Progress on climate policy can feel slow and sometimes acrimonious. However, there is one area most everyone agrees the oil and gas sector can, and must, address: methane emissions.
While progress on climate policy can often feel agonizingly slow and sometimes acrimonious, particularly as it pertains to the energy sector, 2023 ended with the announcement of ambitious proposed policies in both Canada and the U.S. that highlight the one area most everyone agrees the oil and gas sector can, and must, address: methane emissions. As we’ve noted previously, methane is a potent greenhouse gas that has up to 80 times the impact of CO2 when it comes to warming the atmosphere,1 and the oil and gas sector is one of North America’s biggest sources of methane emissions. However, reducing methane emissions is also one of the most cost-effective reduction activities for the industry—so much so that certain abatement strategies can essentially be revenue positive. Methane is a key component of natural gas, so every molecule of methane kept from the atmosphere has an inherent financial value that can be realized.
Industry is keen to point to the success it has had in reducing methane emissions in recent years, and the gains are significant. According to the Canadian Association of Petroleum Producers, between 2012 and 2021, Canadian conventional oil and natural gas producers reduced methane emissions by 34% and emissions intensity by 46%.2 Canada and the U.S. have previously set reduction targets of 40-45% by 2025, and it is looking like those targets may be met—a rare win on the climate front. Canada has built upon this momentum to set a 75% reduction target for 2030, and the draft regulations released late last year are meant to guide the path to that goal.

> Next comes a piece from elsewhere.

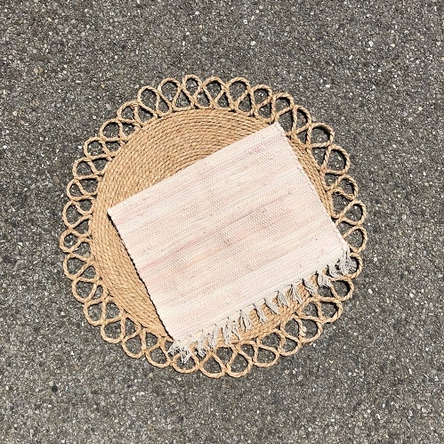 Un joli tapis dans les tons rose. Utilisez le pour y disposer par terre avec un assortiment d’autres tapis pour un pique nique.

We have long been vocal in our support for enhanced methane regulations for the industry, having contributed to numerous consultations in Canada and the U.S. over the years. The new proposed regulations will be the most ambitious the industry has seen, and we do feel they could be effective. Our rationale has been consistent and informed by our dialogues with energy companies, namely, reducing methane is the most cost-effective emissions reduction opportunity for the industry, by a longshot.
In general, the carbon emissions reductions demanded of industry by the science, and increasingly by governments, are immense. They require the rapid scaling of technologies that have yet to reach maturity, such as carbon capture, utilization and storage. Meanwhile, the industry has already made huge strides on methane reduction and there is a clear path to the goal, at a manageable cost. A 2023 study by Dunsky Energy + Climate Advisors3 estimates the average cost of meeting the 75% methane reduction target in the Canadian oil and gas industry would be $11/tonne. Weighed against the projected cost of carbon in Canada in 2030 of $170/tonne it is an absolute steal, and dare we say, a no-brainer.

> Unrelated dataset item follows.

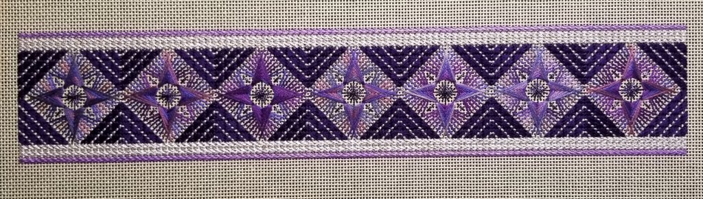 Bands 7 and 19 are both over 6 canvas threads using the key thread, an overdyed purple thread (Waterlilies 006 Amethyst). In order to see the pattern of the stitch, I used just 2 stands. These are both cross stitch patterns from The Encyclopedia of Canvas Embroidery Stitch Patterns by Katharine Ireys. Band 7 is Triple Cross Variation over 6 and Band 19 is Brazilian Variation over 6.
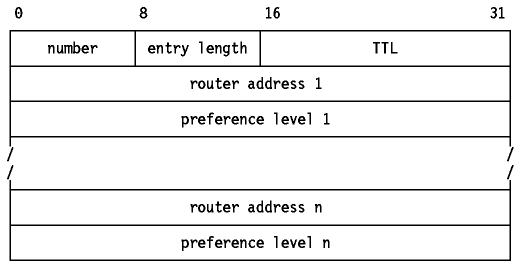 These two messages are used if a host or a router supports the Router Discovery Protocol. The use of multicasting is recommended, but broadcasting may be used if multicasting is not supported on an interface. Routers periodically advertise their IP addresses on those subnets where they are configured to do so. Advertisements are made on the all-systems multicast address (224.0.0.1) or the limited broadcast address (255.255.255.255). The default behavior is to send advertisements every 10 minutes with a TTL value of 1800 (30 minutes). Routers also reply to solicitation messages they receive. They may reply directly to the soliciting host, or they may wait a short random interval and reply with a multicast. Hosts may send solicitation messages when they start until they receive a response. Solicitation messages are sent to the all-routers multicast address (224.0.0.2) or the limited broadcast address (255.255.255.255). Typically, three solicitation messages are sent at 3-second intervals. Alternatively a host may wait for periodic advertisements. Each time a host receives an advertisement, it updates its default router if the new advertisement has one with a higher preference value and sets the TTL timer for the entry to match the value in the advertisement. When the host receives a new advertisement for its current default router, it resets the TTL value to that in the new advertisement. This also provides a mechanism for routers to declare themselves unavailable: they send an advertisement with a TTL value of zero.

There is, however, a wrinkle. And it is a big one. While the technologies to reduce methane emissions are ready to go, we don’t actually know how much the industry is emitting due to a track record of underreporting. A 2023 study of Alberta-based emissions confirmed this pattern, with researchers finding that actual emissions were 1.5x more than reported emissions, and that major sources of emissions were different than what was captured by industry reporting.4 At the heart of this problem is that industry numbers are created by accounting assumptions—essentially adding up all the equipment managed and multiplying that by standard emission factors. The numerous studies that have contradicted industry numbers are created by direct measurement of emissions. The reason this discrepancy is alarming—aside from the implication that we are underestimating the sector’s impact on global warming—is that the solutions the industry undertakes to reduce its footprint may not be the right ones if they don’t have an accurate assessment of where methane is leaking. This would be an inefficient use of capital and a dangerous distraction from the actions needed.

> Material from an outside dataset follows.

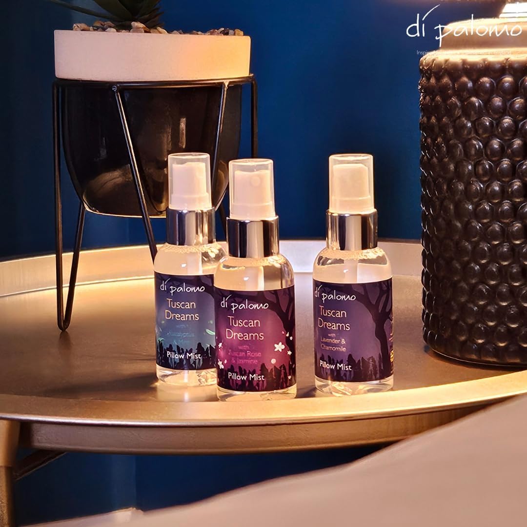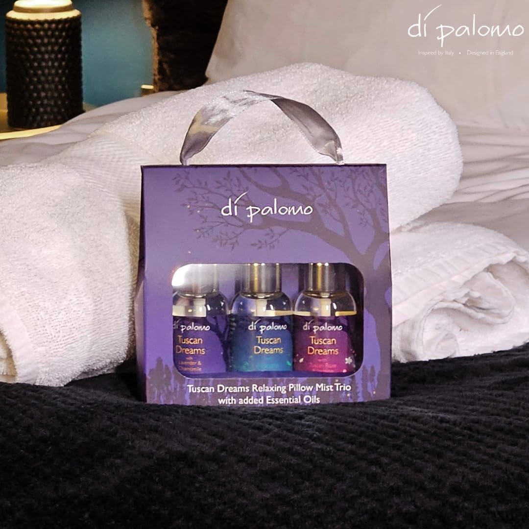 Di Palomo Vegan Tuscan Dreams Pillow Mist Trio Collection. Deep Sleep Pillow Spray Set. Chamomile & Lavender Essential Oils Pillow & Room Spray. Anxiety Relief & Sleep Aid, Vegan Gifts for Women.

The solution is better measurement and reporting on methane at the source, something that has been a core part of our engagement with companies in the sector for years. This is where the Oil & Gas Methane Partnership 2.0 (OGMP 2.0) comes in. OGMP 2.0 is a collaboration between the UN, civil society and industry that is focused on driving best practice in methane measurement and management. Companies that sign onto OGMP 2.0 commit to working toward the use of direct measurement technologies to create accurate methane inventories to back ambitious reduction targets.
In 2023 we endeavoured to engage all Canadian oil and gas companies in our portfolio on the topic of joining OGMP 2.0 and expanding their use of direct measurement technologies. We hosted a workshop, wrote letters, and met directly with 30 companies. Many companies have indicated they are assessing the standard and whether they might join. While OGMP 2.0 has the participation of over 100 leading companies globally, not one of them is based in Canada. We hope to change that in 2024.
There is one aspect of the government’s emissions reduction proposal that dovetails with our ask on OGMP 2.0. The government has floated the idea that facilities with continuous, direct measurement technologies in place will be able to forgo certain elements of the draft regulations that require in-person inspections. That means companies that do pursue industry best practices (as exemplified by OGMP 2.0) could realize tangible benefits from a regulatory relief perspective. We see this as a win-win situation and will look to encourage governments and companies to pursue better measurement of methane in order to realize the substantial climate benefits that will come from meeting, and exceeding, our 75% national targets.